Nous avons précédemment mentionné que l'adaptation se caractérise par l'aptitude de l'individu à transiger de façon efficace avec son environnement. Après un examen des différents construits relatifs à l'adaptation qui sont utilisés en psychopathologie du développement, Masten et Coatsworth (1995) relèvent que la qualité de l'adaptation est, le plus souvent, évaluée à partir de la performance de l'individu vis-à-vis les exigences environnementales qui lui sont posées. Dans cette perspective, l'évaluation de la qualité de l'adaptation doit être une généralisation effectuée à partir d'une série de performances de l'individu dans son environnement: on ne peut présumer de la qualité de l'adaptation d'un individu à partir de sa performance en une occasion unique mais plutôt en considérant ses performances en différents moments. Toujours selon les mêmes auteurs, le fait d'être évalué comme adapté ou inadapté réfère à une performance minimale permettant un fonctionnement jugé comme étant efficace en fonction des normes du développement et des normes culturelles en usage dans l'environnement de l'individu. En ce sens, la qualité de l'adaptation d'un individu devrait préférablement être évaluée à des points spécifiques du développement où la performance attendue en fonction du niveau de développement et des exigences adaptatives est clairement établie.

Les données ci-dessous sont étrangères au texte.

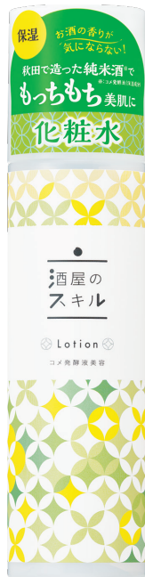
酒屋のスキル化粧水 180ml 1,485円(税込)

Donc, selon la perspective que nous adopterons ici, la qualité de l'adaptation est un phénomène observable par le biais de la performance de l'individu. Elle est fonction des caractéristiques individuelles et de l'expérience de l'individu en interaction avec son environnement. Ce que ce modèle met en valeur d'une façon particulière c'est que l'adaptation demeure relative à un contexte donné et peut donc être opérationalisée par un patron de performances de l'individu dans ce contexte et évaluée selon des normes établies, des performances attendues à des moments spécifiques du développement.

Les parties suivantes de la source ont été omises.